Sand is being dropped on a conveyor belt at the rate of `Mkg//s` . The force necessary to kept the belt moving with a constant with a constant velocity of `vm//s` will be.

To solve the problem, we need to determine the force required to keep a conveyor belt moving at a constant velocity when sand is being dropped onto it at a certain rate. ### Step-by-Step Solution: 1. **Understand the problem**: We have a conveyor belt moving at a constant velocity \( v \) m/s, and sand is being added to it at a rate of \( M \) kg/s. We need to find the force required to maintain this constant velocity. 2. **Identify the forces involved**: The force required to keep the conveyor belt moving at a constant velocity can be derived from Newton's second law of motion, which states that force is equal to mass times acceleration (\( F = ma \)).

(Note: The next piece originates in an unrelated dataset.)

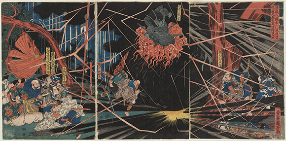たとえば、何度かご紹介してきた日本のマンガの原点《荷宝蔵壁のむだ書》はもちろんのこと、《清盛入道布引滝遊覧悪源太義平霊討難波次郎》などの表現もマンガそのもの。平清盛一行が布引の滝で源義平の悪霊に襲われる場面を描いた本作では、激しい閃光がまるで昭和の劇画のように画面を縦横無尽に走ります。
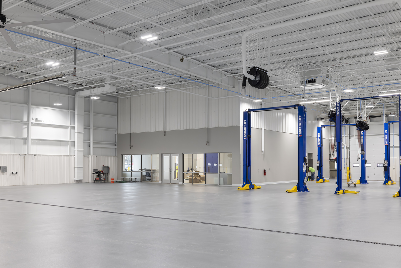 Fox Ford’s new pre-engineered metal building is designed to support top-tier vehicle service with the space, style, and efficiency today’s operations demand. The use of wide bay joists, insulated metal panels, and the mezzanine create a functional building, that looks good.

However, in this case, since the velocity is constant, the acceleration is zero. 3. **Use the concept of momentum**: The force can also be expressed in terms of the rate of change of momentum. The momentum \( p \) of an object is given by \( p = mv \). If mass \( m \) is changing with time, we can express the force as: \[ F = \frac{dp}{dt} = \frac{d(mv)}{dt} \] 4. **Apply the product rule**: Using the product rule of differentiation, we can expand this as: \[ F = v \frac{dm}{dt} + m \frac{dv}{dt} \] Since the velocity \( v \) is constant, \( \frac{dv}{dt} = 0 \). Therefore, the equation simplifies to: \[ F = v \frac{dm}{dt} \] 5. **Substitute the known values**: We know that \( \frac{dm}{dt} = M \) kg/s (the rate at which sand is being added). Substituting this into the equation gives: \[ F = v \cdot M \] 6. **Final expression for force**: Thus, the force necessary to keep the belt moving at a constant velocity is: \[ F = Mv \text{ Newtons} \] ### Conclusion: The force necessary to keep the conveyor belt moving at a constant velocity of \( v \) m/s while sand is being dropped at a rate of \( M \) kg/s is \( F = Mv \) Newtons.